- Directed by: Rudolf Meinert
- Written by: Franz Grillparzer (short story) Willi Wolff
- Starring: Ellen Richter Ernst Deutsch Eduard von Winterstein Max Kronert
- Cinematography: A.O. Weitzenberg
- Production company: Frankfurter Film-Co
- Release date: 1919;
- Country: Germany
- Languages: Silent German intertitles

= The Monastery of Sendomir (1919 film) =

The Monastery of Sendomir (German: Das Kloster von Sendomir) is a 1919 German silent drama film directed by Rudolf Meinert and starring Ellen Richter, Ernst Deutsch and Eduard von Winterstein. The film is based on an 1828 short story of the same title by Franz Grillparzer. The following year the story was turned into a Swedish film The Monastery of Sendomir.

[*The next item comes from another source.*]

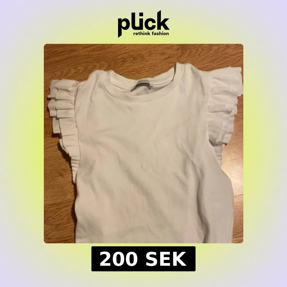 vit topp från Zara med ribbad struktur och volangärmar. Toppen är ärmlös med breda, plisserade volanger som ger en extra touch. Mjuk och stretchig känsla. Aldrig använt.

The main part of the film is told in a flashback by a monk to two visiting noblemen on their way to Warsaw in the 17th century. He tells them how a mighty count named Starschensky once ruled Sendomir (Sandomierz), but after an intrigue in which his wife was unfaithful with her own cousin he had to use all his resources to build the monastery where they are now staying. At the end it is revealed that the monk is in fact Starschensky himself.

==Cast==
- Ellen Richter - Elga von Laschek
- Ernst Deutsch
- Eduard von Winterstein
- Max Kronert
- Leopold Bauer
- Hugo Falke
- Hella Thornegg

==Bibliography==
- Bergfelder, Tim & Bock, Hans-Michael. The Concise Cinegraph: Encyclopedia of German. Berghahn Books, 2009.